It's not so easy.
First of all, keep in mind that SSIS "aligns" XML, so there is one output from the XML source for each path through XML. Trivial example:
<Parent><Child><Grandchild/></Child></Parent>
will produce three outputs and three error outputs. Deteriorating:
<Parent><Child><Grandchild><Notes/></Grandchild><Notes/></Child><Notes/></Parent>
This will lead to the conclusions of the parent, child, grandson, parent-child-grandson-notes, parent-child notes and parent notes, both normal and error.
The project I was working on had about 203 outputs. I was able to smooth out the XML schema and create only 19 or so. This is still a lot, considering that each output should have its own processing.
In addition, the XML task cannot process 1 GB or more XML. It really loads the entire document into memory. Try making XmlDocument.Load such a file and see what happens - what happens with SSIS.
I had to create an “XML element source” of my own, which processed the children of the root element one at a time. This allowed me to flatten XML, and also process large documents (a 10 GB test document worked).

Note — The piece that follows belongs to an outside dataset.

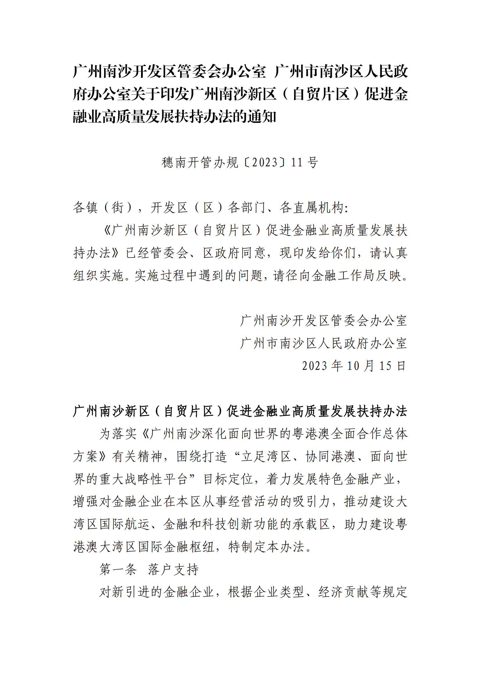 《广州南沙新区(自贸片区)促进金融业高质量发展扶持办法》

There is more fun depending on what you want to do with the data received. In my case, we had to send each of the outputs to staging tables. This is not bad, but you should understand that the data on the outputs is asynchronous. One child (with descendants) will end the output paths a bit, and you will never know when all descendants have finished processing. This does not allow processing processing on a transactional basis one element at a time.
Instead, SSIS adds a surrogate key (I think it called) to each child element. Would a ParentID be added to the parent, the child of the child, and a child of the ChildParentID would also be added to the child to refer to the parent of the child. They can be used to "re-join the element again", but only after all the data has been written to the staging tables. This is the only time you can be sure that any given element has been completely processed - when they are all there!